I've been gone for a while, to say the least. The main reason for this was that I felt I'd outgrown the semioverachiever label. I was feeling like I was past whatever impulse drove me to start the blog. I'd also gone somewhat public, which was disconcerting (kind of gets in the way of rambling, emotional, boy-related posts). There was also the matter of the name itself.
Right now, I don't feel like a semioverachiever. I feel like an overachiever. I don't sleep enough, I'm busy, and I keep winning things and getting into colleges. I found that magic formula, got in everywhere I applied, and then got accepted to a gap year program every bit as prestigious. I keep winning at life, and I've started to feel like I'm actually powerful, like I could actually change the world, like I could actually make a difference right here right now.
I've lost sight of who I am. I don't mean that I'm supposed to be less of a beast, but I've been letting it get to my head. There are so, so many things I haven't learned yet. So, yes, I've managed to be the perfect applicant, and yes, I was told by a girl who is smart enough that people's jaws drop when they hear of her accomplishments that I "ooze brilliance," and people are impressed by my vision and insight and all that bullcrap--but I don't know how to right a rigorous proof, or maximize output from a wind farm, or build the designs that sit in my head. I don't know even basic statistics. There are huge, huge holes in my knowledge.

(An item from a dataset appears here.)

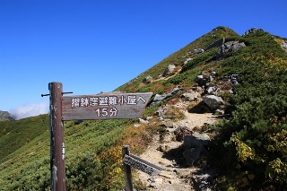 空木岳から勿体ないほど下って木曽殿越。木曽殿山荘があります。ここで今晩のビール補給。ついでに今飲むビールも買いました。檜尾岳の水場について尋ねると、細いしキレイではない…とのこと。だったらここで汲んで背負った方がいいでしょう。水場まで片道9分だそうな。大きな登り返しを前に3L+350mlがザックに追加です。小屋のベンチでしばらく休憩。
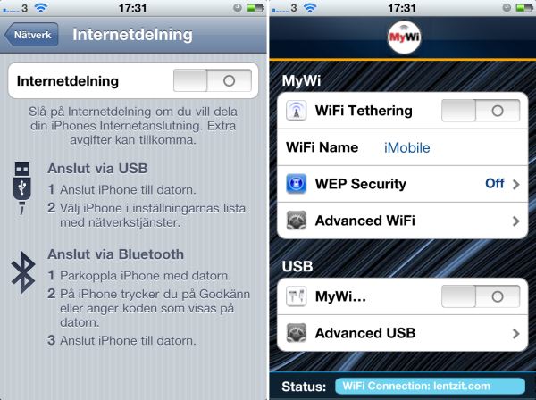 Du vet väl att din Android eller iPhone kan agera DataDongle (bredband via 3G), de flesta klarar det genom att ansluta en USB-kabel….i senaste versionen av Android finns det officiellt stöd för trådlös dataöverföring. Har du iPhone (3 eller4) har Apple tyvärr bestämt att man inte stödjer trådlös dataöverföring men det går att ordna genom att jailbreaka nallen och installera ett app som heter MyWi för knappa 100:a lappen.

I need a college education to fill those holes. Sorry, Mr. Thiel, but I'm not ready. I'll take those two years after college, before grad school. They won't be with you, they won't have that safety net, but you know what? This won't be the only opportunity. I'm going to go to college with some of the smartest students in the world. I will come out of it feeling like an idiot--which is the point--but I will make opportunities.
I may not be ready to be a grownup, but I am ready to make this decision.
That was a digression, to say the least. I'd intended to discuss why I was coming back. The reason I'd stopped writing is that I felt I'd outgrown the label. But I haven't, not really. Yes, I'm 18, but I'm not an adult. Yes, I apparently win a lot of stuff, but there are a lot of things I don't win, and there's a lot that I have still to learn. I haven't become an overachiever just because I've been busy. I'm still just me, and I still care more about my friends than I do about being top of my class.
I can overachieve later. For now, I will return to attempting to be myself, whatever that entails.